The transaction comes as IGC’s cash burn remains high, with a reported net loss of $1.821 million for the quarter ended September 30 2025 and a $7.1 million loss for the fiscal year ended March 31 2025. The company’s cash balance was $1.105 million at that date, and it has a $12 million credit line from O Bank that is largely used as an overdraft. The $234,000 infusion extends the runway by only a few weeks, underscoring the need for additional financing before the CALMA trial concludes.
Enrollment in the CALMA trial reached 65 % of the target by December 2025, with full enrollment expected in early 2026. The trial is scheduled to complete in the first half of 2026, after which IGC will seek to publish Phase 2 results and pursue a larger funding round or partnership to support Phase 3 development.
CEO Ram Mukunda highlighted that the new investors are “sophisticated, long‑term” participants who bring more than capital, describing them as partners and ambassadors. The company’s strategy is to use the modest raise to bridge the gap to the next major milestone while maintaining momentum in its AI‑driven drug discovery platform and expanding its pipeline beyond IGC‑AD1.

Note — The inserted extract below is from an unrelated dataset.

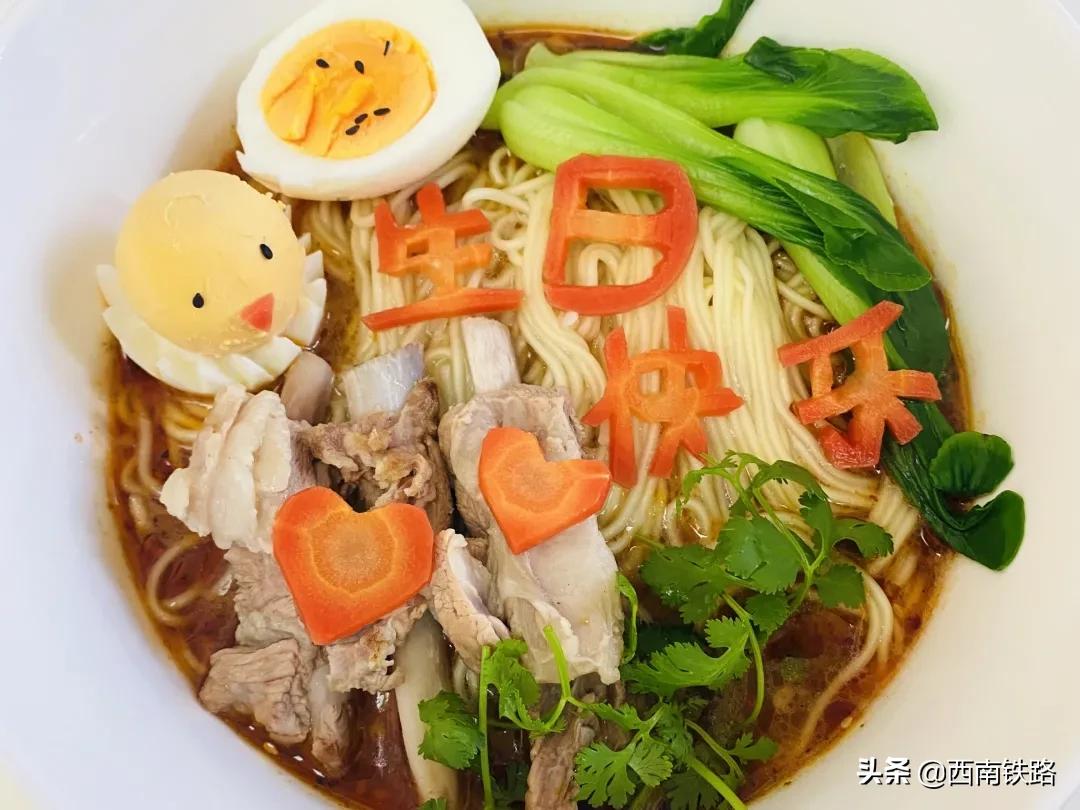 张馨尹是重庆客运段北京车队K820次5组的一名代务值班员,然而由于工作的特殊性,一年中一半的时间她都在列车上度过,而另一半的休息时间,不会有固定的节假日陪伴女儿,孩子的生日更是常常缺席,可今年却是一个例外,这天她刚好休息。厨房里洗菜,切菜,烧水煮面……按照视频中的指引步骤,张馨尹有条不紊的忙活着。当一碗五彩缤纷雕刻着生日快乐的爱心面条出现在女儿面前时,她们脸上双双露出了灿烂的笑容,有惊喜的也有满足的。
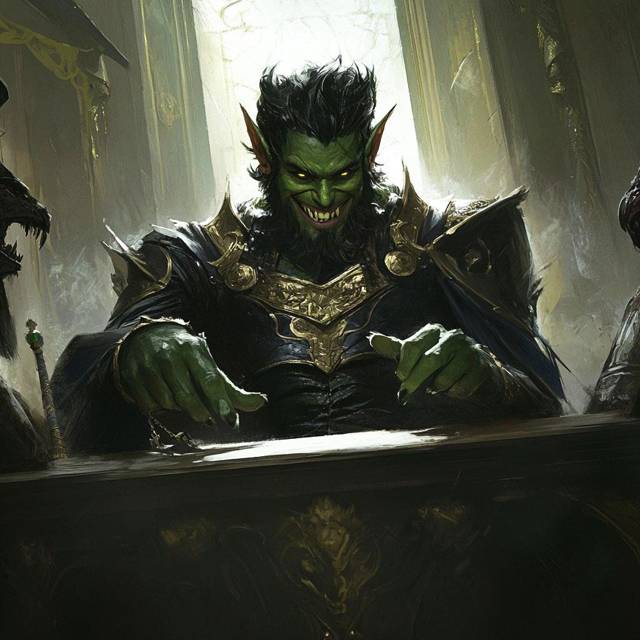 Иллюстрация. Глава семьи Пуртес, небольшого ума хобгоблин.

The equity offering signals that IGC remains in a cash‑constrained position, but it also demonstrates the company’s ability to attract capital for a high‑profile Alzheimer’s program. The dilution from the new shares will reduce existing shareholders’ ownership, but the infusion is a necessary short‑term measure that keeps the CALMA trial on track and preserves the company’s ability to pursue future growth opportunities.